--- THE PROBLEM ---
Within the listing below, give again exactly the lines between the one containing "Pexfix 72 In." and the one containing "I was pleasantly", inclusive, pictures left aside.

--- LISTED ENTRIES ---
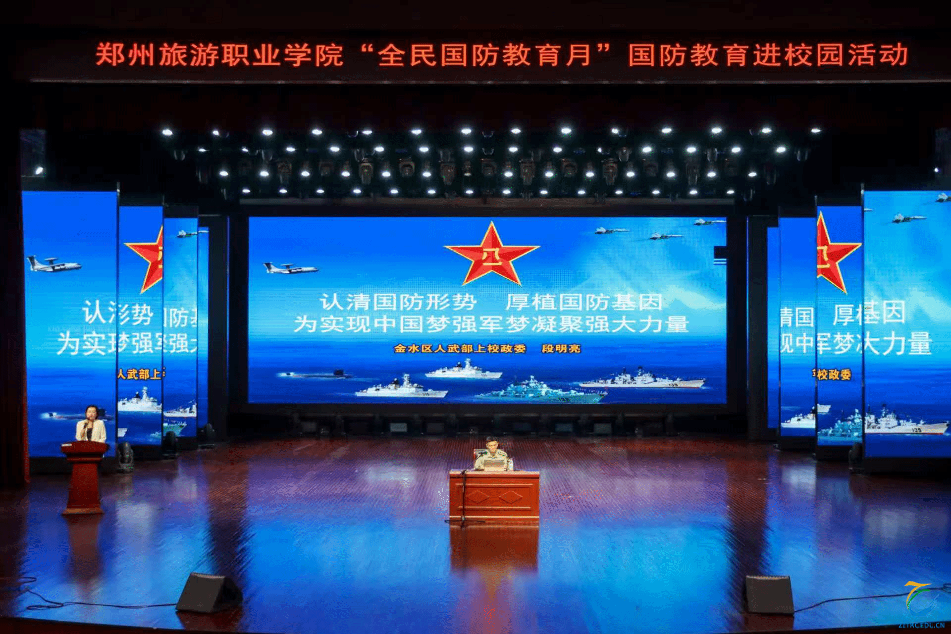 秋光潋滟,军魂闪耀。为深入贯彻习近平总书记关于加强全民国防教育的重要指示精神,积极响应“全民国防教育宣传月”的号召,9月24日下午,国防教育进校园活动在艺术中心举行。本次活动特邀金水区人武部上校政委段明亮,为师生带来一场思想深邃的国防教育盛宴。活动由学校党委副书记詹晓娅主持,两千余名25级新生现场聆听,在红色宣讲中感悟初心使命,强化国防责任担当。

--

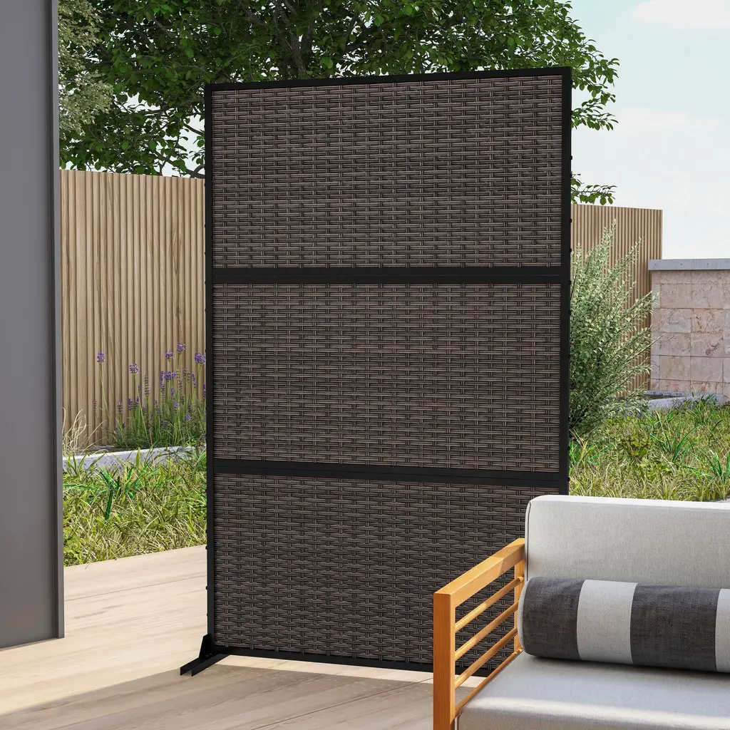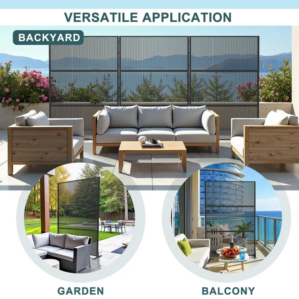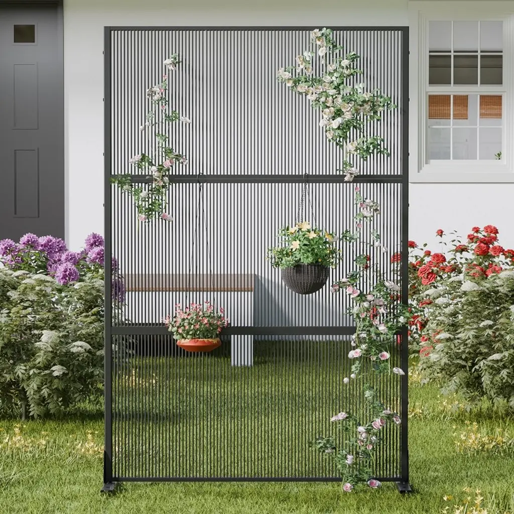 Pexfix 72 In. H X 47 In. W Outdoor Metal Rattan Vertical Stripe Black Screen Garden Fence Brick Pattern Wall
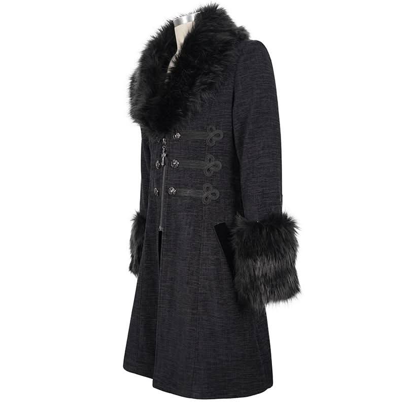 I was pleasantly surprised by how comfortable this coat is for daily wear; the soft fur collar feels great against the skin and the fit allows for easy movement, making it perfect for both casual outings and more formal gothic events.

--- SOLUTION ---
 Pexfix 72 In. H X 47 In. W Outdoor Metal Rattan Vertical Stripe Black Screen Garden Fence Brick Pattern Wall
 I was pleasantly surprised by how comfortable this coat is for daily wear; the soft fur collar feels great against the skin and the fit allows for easy movement, making it perfect for both casual outings and more formal gothic events.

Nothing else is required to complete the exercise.